Sunday, July 17, 2016

Attacking Camelot

Socialite Alicia Clark died in February. Her will left her $17.5 million estate to the Humane Society. Her estate is in the news because the administrator of her estate has filed a Freedom of Information request to open a file which might shed light on whether Clark was the mother of JFK love child even though she had long denied having a child with the late President. 

She had reportedly planned to blackmail President Kennedy's father in the early 60's related to such rumors. The blackmail attempt only became public after her then attorney went public after she did not pay his $1.2 million bill (in 1961 dollars) for negotiating a will with her soon to die husband which gave her $10 million for 13 days of marriage. Meanwhile, a man in the Bahamas claims the will is fake and that her valid will is a handwritten will she made in the Bahamas in 2001. That alleged will left one million to each of the doormen at her NYC apartment and the caretaker of that apartment, and the rest to the guy in the Bahamas. Got it? 

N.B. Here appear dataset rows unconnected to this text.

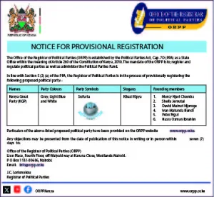 Notice for Provisional Registration -Kenya Great Party (KGP)
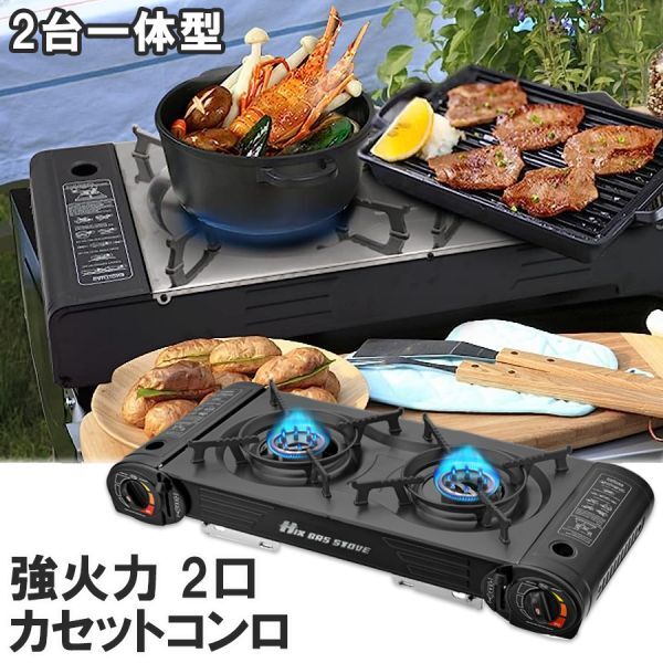 > ★送料無料・30日間保証付き★新型カセットストーブ カセットコンロ 耐荷重30kg 強火力2.5kW×2 防風 ガスボンベ式 2連 アウトドア
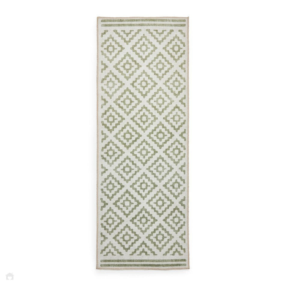 The Washable Coral H1058 Green Runner brings a natural, refreshing charm to any space with its geometric lattice pattern in Sage Green, Olive Green, Pale Grey, and Ivory. Its flatweave, low-profile construction offers a smooth, durable surface ideal for placement beneath furniture, while digitally printed detailing ensures clarity and crisp definition. Made in Turkey from mixed recycled polyester, this lightweight and fully washable rug blends eco-conscious design with modern practicality. With its 0.2cm slim profile, it’s perfect for kitchens, living rooms, or relaxed modern interiors where subtle earthy tones add warmth and tranquillity.
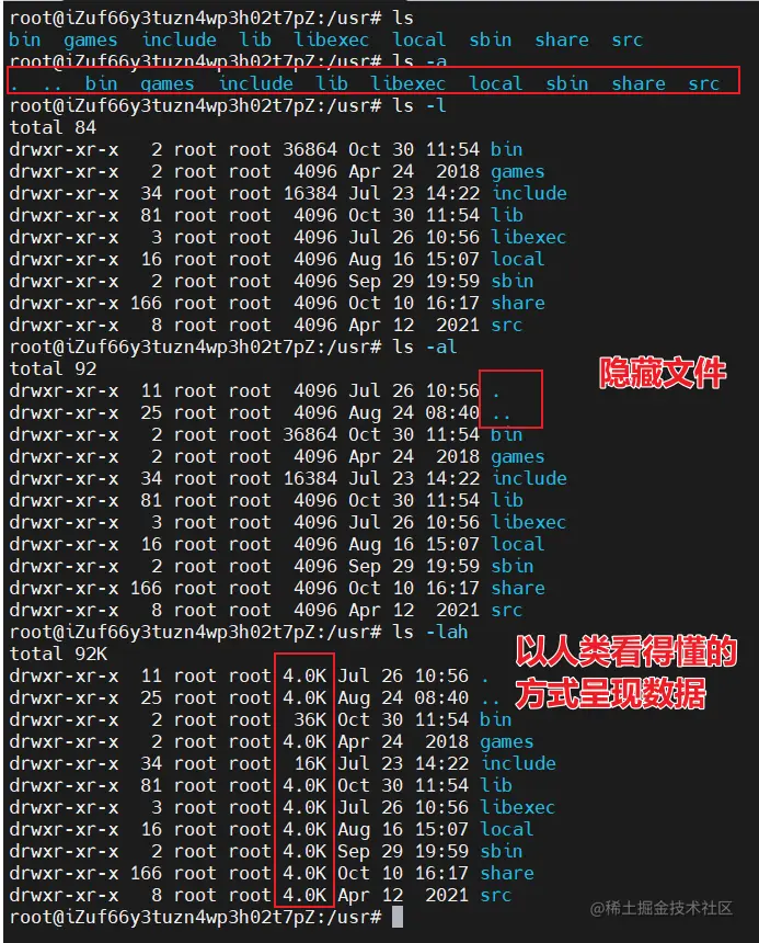ls 命令,在 linux 中必须会使用的命令 ,参数也很多,说一下我们经常用的
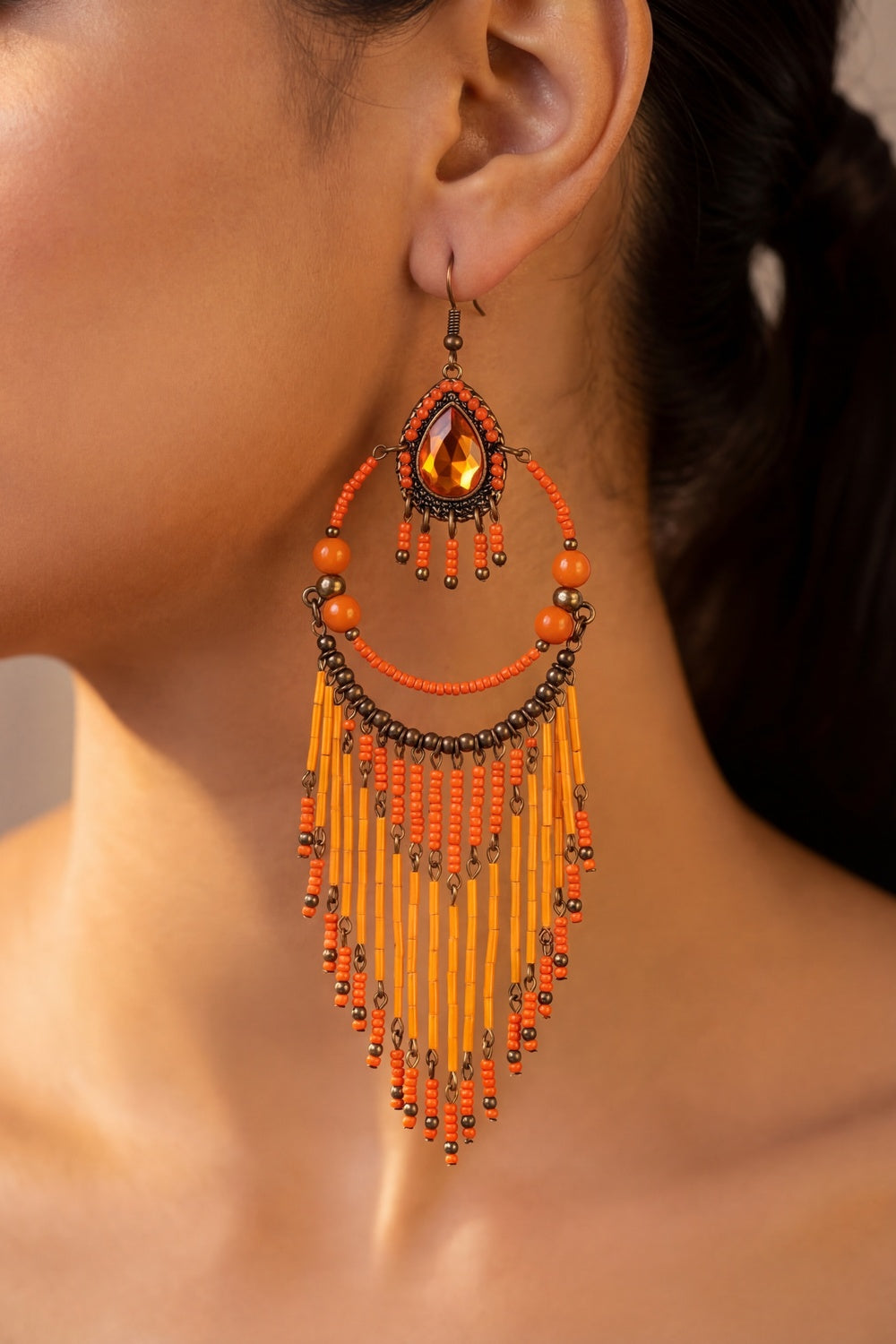 Brinco Artesanal De Miçangas Laranjas Yacamim #966
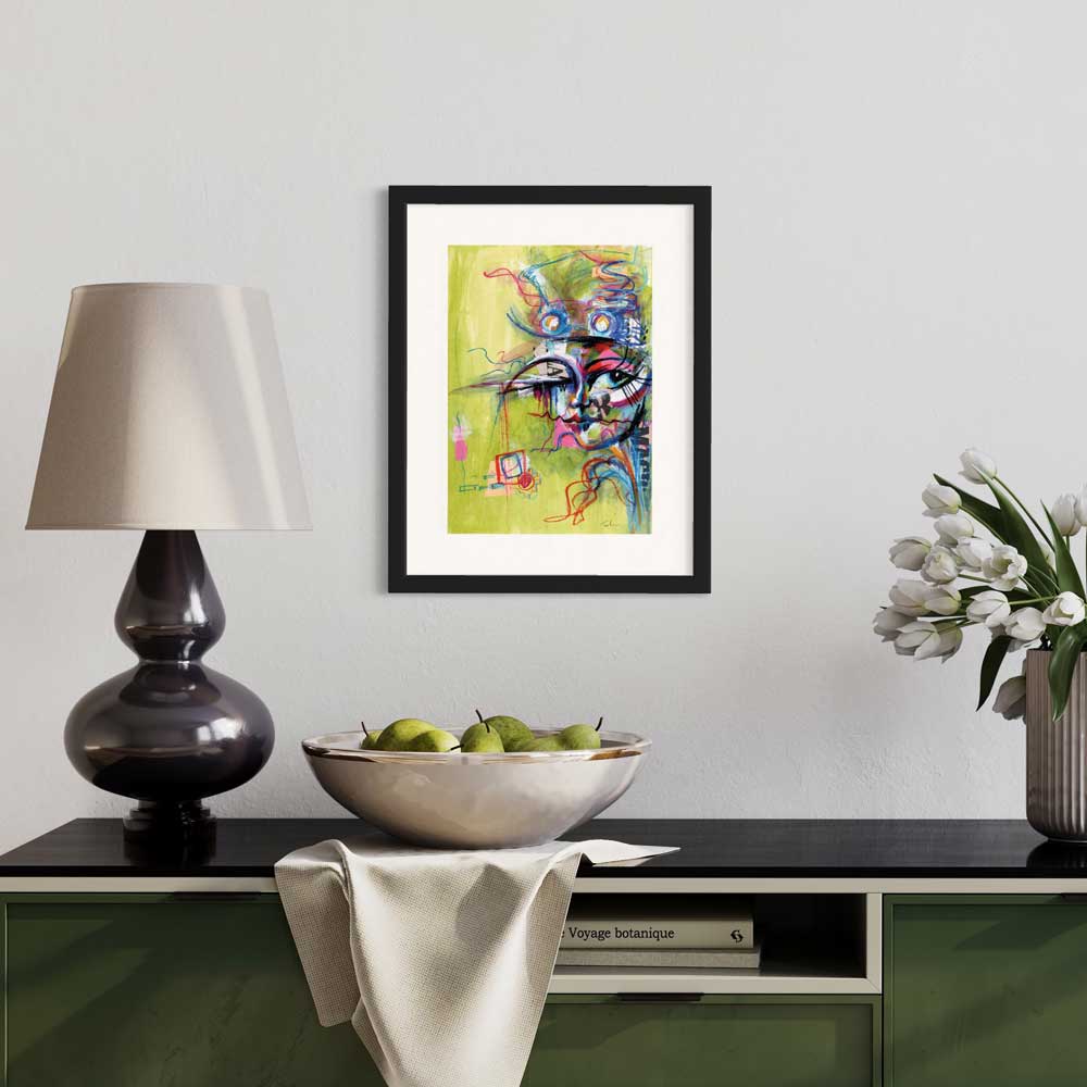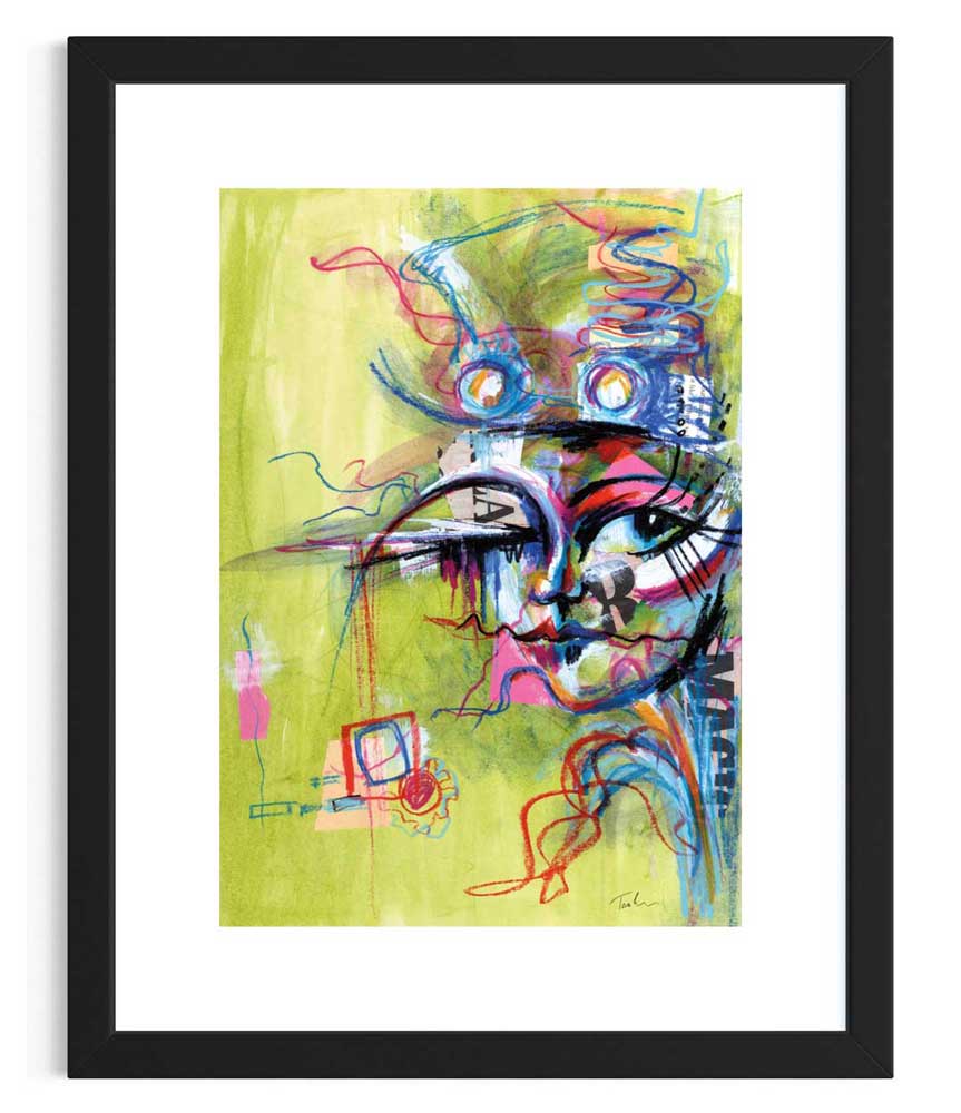 An art print based on an original hand-painted mixed media abstract face painting created by Tara Roskell.
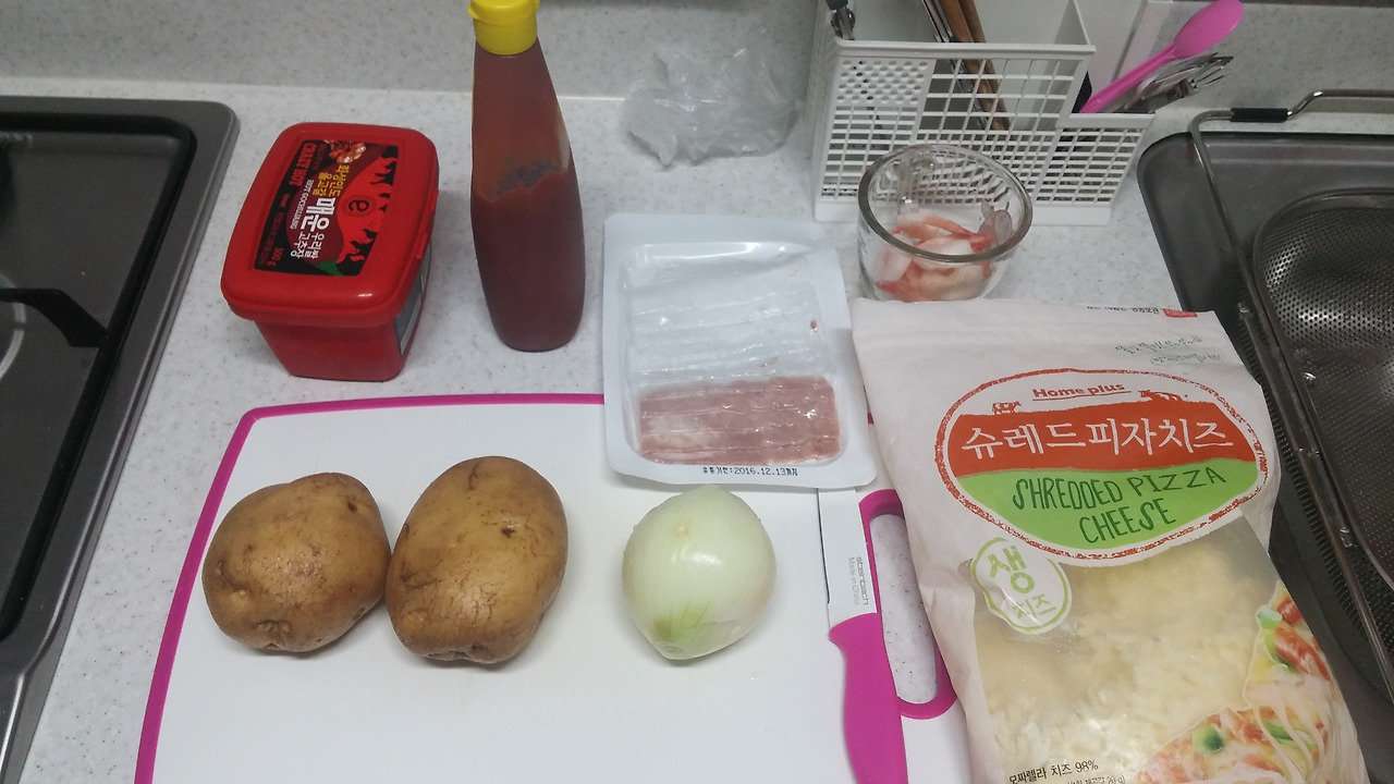 감자, 양파, 베이컨, 새우, 치즈, 고추장, 케찹, 계란(사진엔 없어요!)
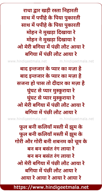 Lyrics of Radha Dwar Khadi Rasta Niharati - राधा द्वार खड़ी रस्ता निहारती
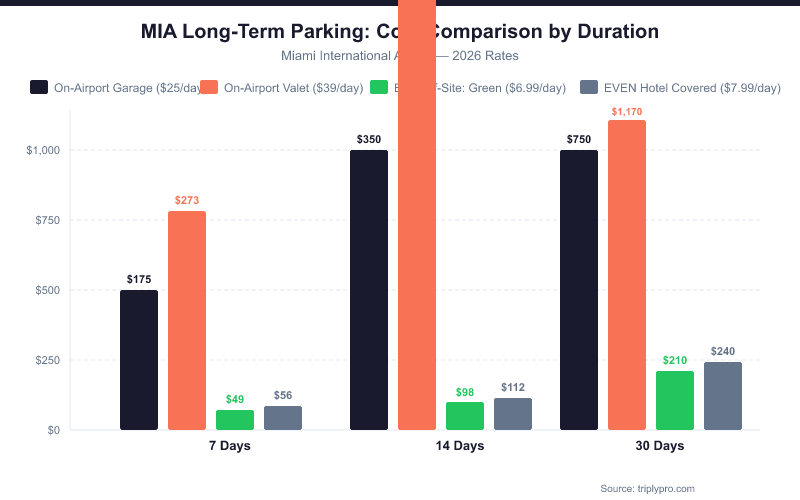 Miami long term parking rates range from $6.99/day off-site to $25/day on-airport. Compare all MIA lots, weekly cost breakdowns, and shuttle details to find your best deal.

So many possibilities, so let's try to stay focused on the salient points: 

1. The JFK love child angle seems to be irrelevant. If Clark had a child and raised him, she would have provided for him in her will and would have been seen with him in the past 55 years. If she gave him up for adoption, that child has no rights under law because his rights to her estate would be terminated due to the adoption.  

2. Some (re: me) might think that the estate administrator is grandstanding (successfully because he made the news) or is running up a larger bill than necessary in looking for a love child who likely has nothing to do with the estate, even if he exists. 

3. Clark's former attorney's $1.2 million bill for what is essentially a pre-nuptial agreement seems excessively large by any standards much less those of 1961. Those agreements are not typically handled on a contingent fee basis which must have been the basis on which he billed. 

4. That said, $10 million for 13 days of marriage to a dying man might be worth a $1.2 million fee. 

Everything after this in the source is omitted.